Your answer should contain only the lines from the top of the data below down through the one with "Zisk před zdaněním společnosti", transcribed exactly and without pictures; please include nothing more.

╭─ PROVIDED DATA

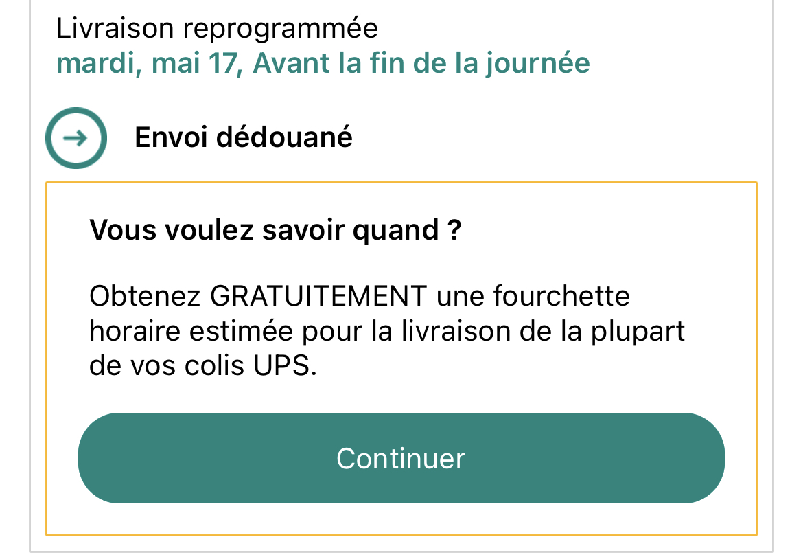 Estimated deliveryI inform you that UPS informs me that the package will arrive on Tuesday, May 17 between 8:45 a.m. and 11:45 a.m. Except that in Paris it is Tuesday, May 17 and it is 10:30 p.m.😄
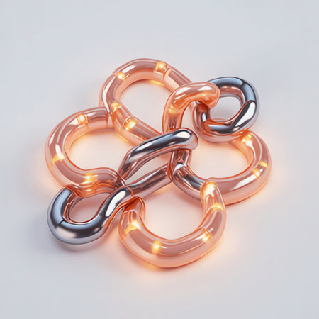 A shimmering metallic link in sharp focus, surrounded by vibrant, out-of-focus light spots creating a sense of motion and modern elegance.
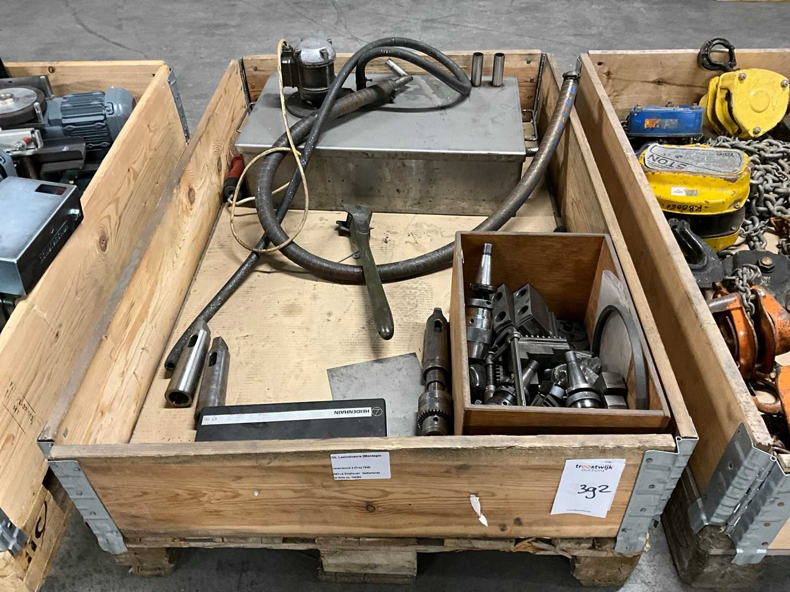 380 Volts; Tank Size: 560x360x190 mm. Includes: claw jaws, drill heads, milling head, reducer sleeves, grinding wheel grinder; without pallet box;
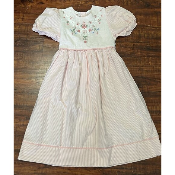 Vintage Allison Rose Pink Striped Dress - Embroidered, Cutout Lace, 6X
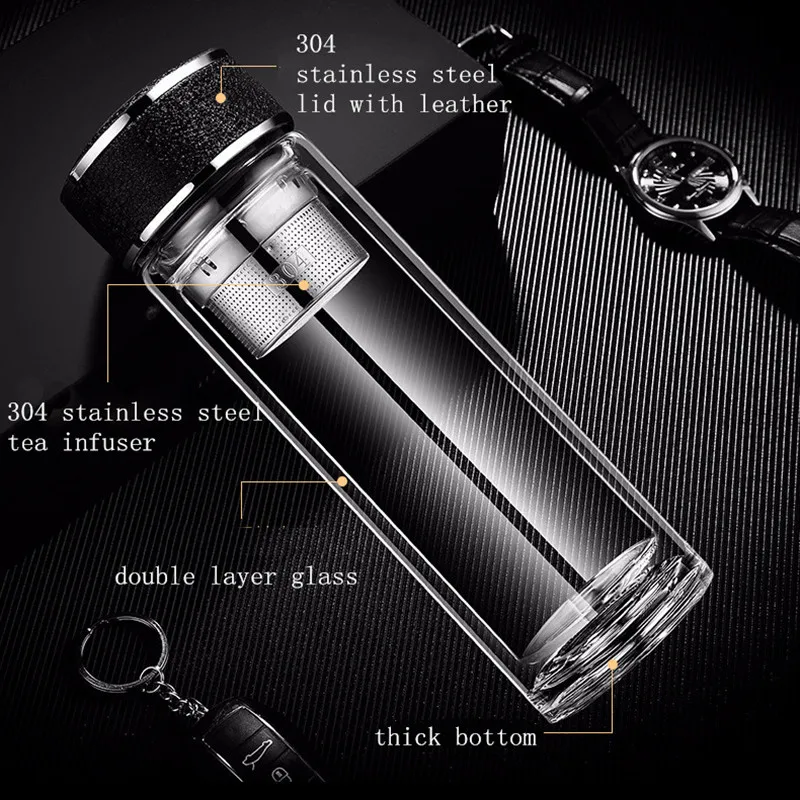 Special Offer Wysokiej jakości podwójna ściana szklana butelka wody człowiek biznes zaparzaczem butelki termoizolacyjna butelka do picia przenośna do biura do napojów Discount 35% Today!
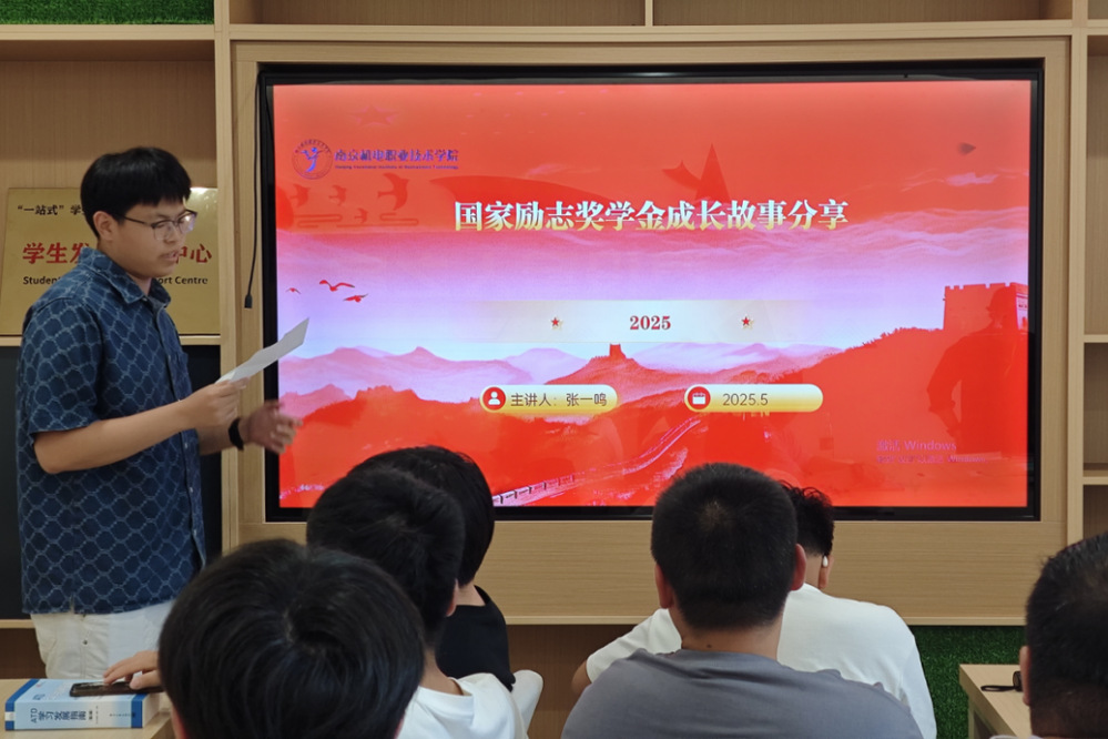张一鸣同学以《奋斗者,正青春》为题,从“专业学习、科技创新、社会实践”三个维度分享了成长历程。“国家励志奖学金不仅是物质支持,更是精神激励的里程碑。它时刻提醒我,唯有持续奋斗才能浇灌出理想之花。”谈及获奖感受时,他特别提到疫情期间参与社区志愿服务的经历,“当看到专业所学能切实解决防疫设备的调试难题,我深刻体会到知识报国的真谛。”通过展示专业竞赛获奖证书、社会实践影像资料,他生动诠释了“将知识转化为力量,让青春绽放担当”的成长理念。
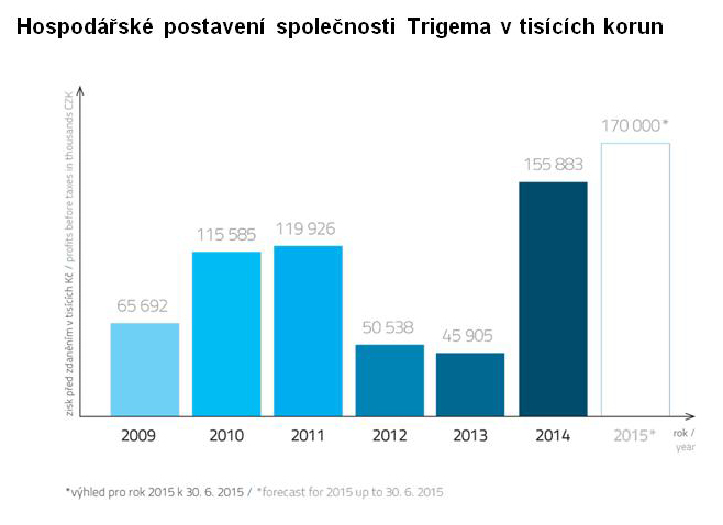 Zisk před zdaněním společnosti Trigema činil za uplynulých dvanáct měsíců 155 883 tisíc korun. Pro srovnání: o rok předtím to bylo 45 905 tisíc korun. Letos by měl být zisk před zdaněním minimálně na stejné úrovni jako vloni.
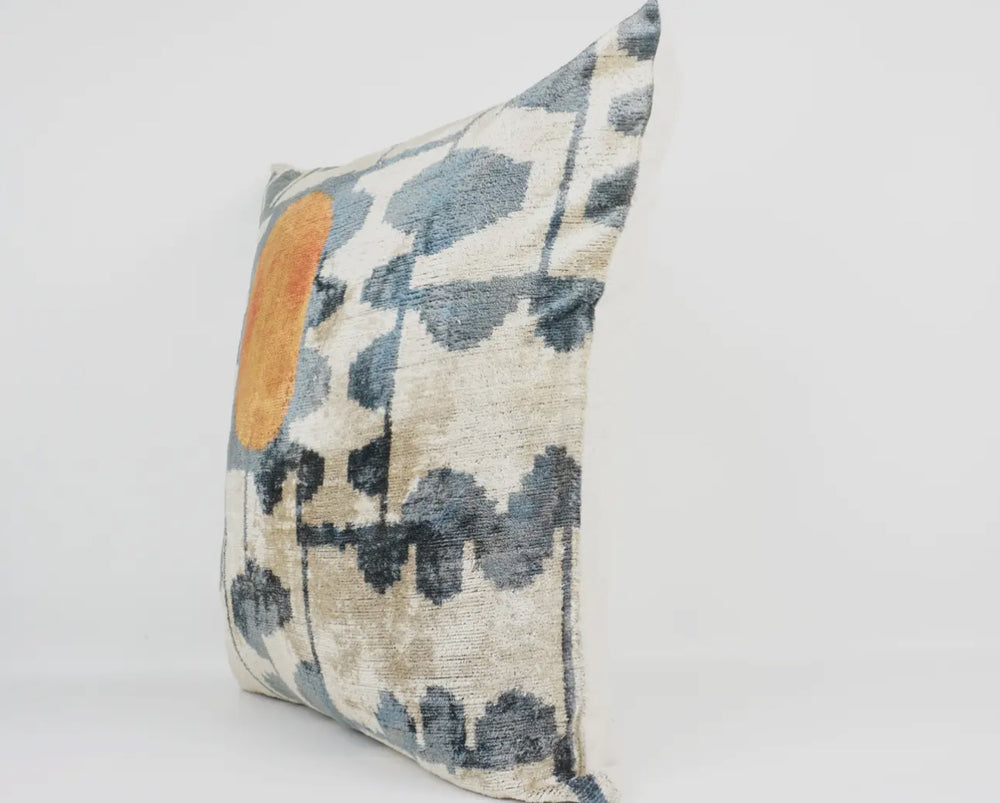 Add some style to your modern interior with this plush and sumptuous 100% silk velvet Ikat throw pillow. The fabric is hand woven by skilled artisans in Turkey. This graphic pattern with gorgeous colors of rusty orange and steel blue on a cream ground is a limited edition design. Pillow comes complete with high quality insert and hidden zipper. 24"x24" Dry clean only. Imported.
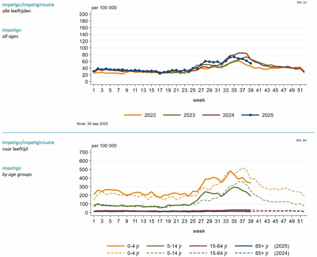 Het Nivel maakt in Surveillance Bulletin week 39 ook melding van verhoogde prevalentie van krentenbaard (impetigo) deze zomer. Deze infecties lijken zelfs elk volgend jaar vanaf het begin van de Covid19-pandemie erger te worden. Voor dit jaar is de infectieziekte gelukkig weer op zijn retour.
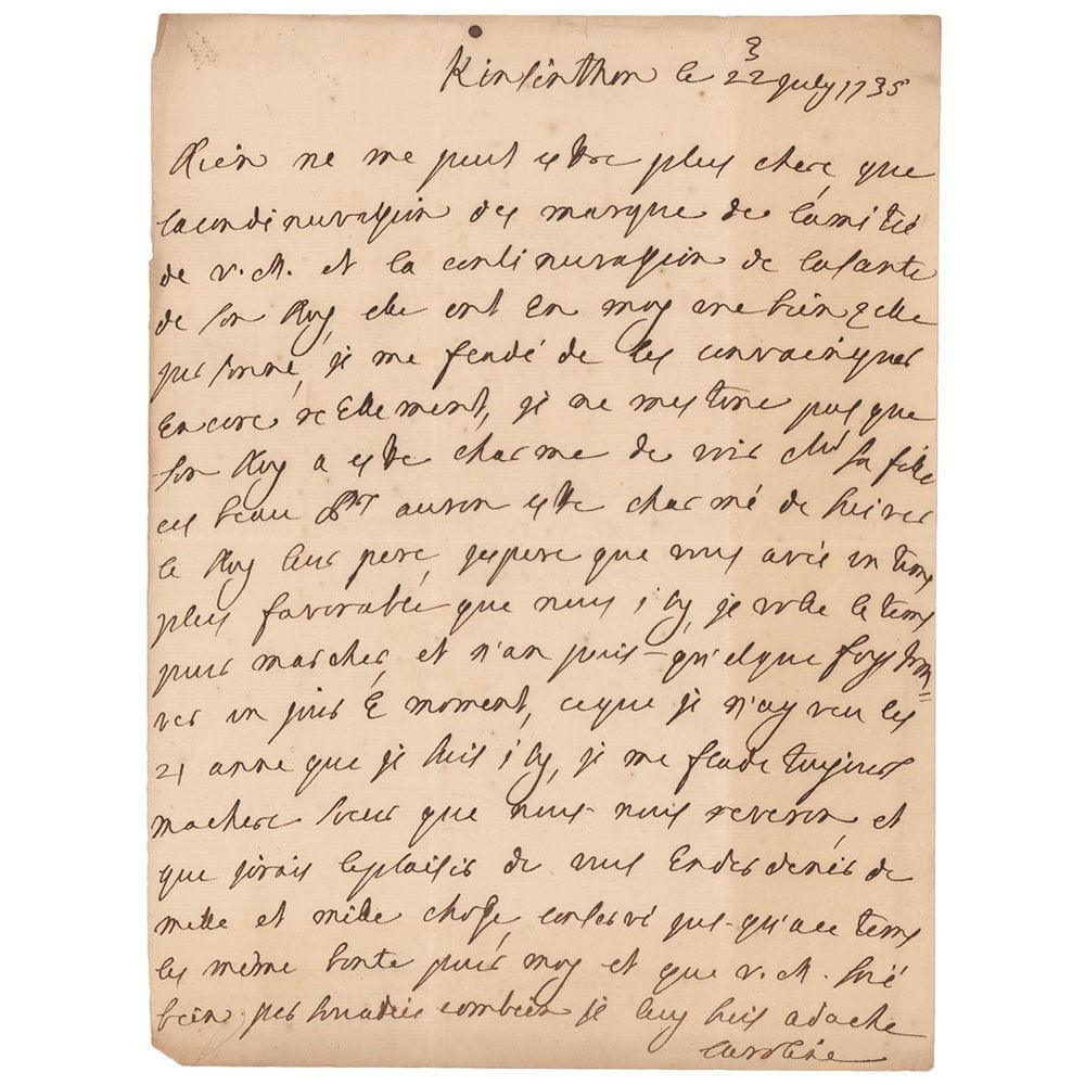 Rare ALS in French, signed “Caroline,†one page, 7.25 x 9.75, July 22, 1735. Untranslated handwritten letter in French by the English queen. In fine condition, with a strip of light toning to the right edge.

╰─

_FINISHED EXERCISE_:
 Estimated deliveryI inform you that UPS informs me that the package will arrive on Tuesday, May 17 between 8:45 a.m. and 11:45 a.m. Except that in Paris it is Tuesday, May 17 and it is 10:30 p.m.😄
 A shimmering metallic link in sharp focus, surrounded by vibrant, out-of-focus light spots creating a sense of motion and modern elegance.
 380 Volts; Tank Size: 560x360x190 mm. Includes: claw jaws, drill heads, milling head, reducer sleeves, grinding wheel grinder; without pallet box;
 Vintage Allison Rose Pink Striped Dress - Embroidered, Cutout Lace, 6X
 Special Offer Wysokiej jakości podwójna ściana szklana butelka wody człowiek biznes zaparzaczem butelki termoizolacyjna butelka do picia przenośna do biura do napojów Discount 35% Today!
张一鸣同学以《奋斗者,正青春》为题,从“专业学习、科技创新、社会实践”三个维度分享了成长历程。“国家励志奖学金不仅是物质支持,更是精神激励的里程碑。它时刻提醒我,唯有持续奋斗才能浇灌出理想之花。”谈及获奖感受时,他特别提到疫情期间参与社区志愿服务的经历,“当看到专业所学能切实解决防疫设备的调试难题,我深刻体会到知识报国的真谛。”通过展示专业竞赛获奖证书、社会实践影像资料,他生动诠释了“将知识转化为力量,让青春绽放担当”的成长理念。
 Zisk před zdaněním společnosti Trigema činil za uplynulých dvanáct měsíců 155 883 tisíc korun. Pro srovnání: o rok předtím to bylo 45 905 tisíc korun. Letos by měl být zisk před zdaněním minimálně na stejné úrovni jako vloni.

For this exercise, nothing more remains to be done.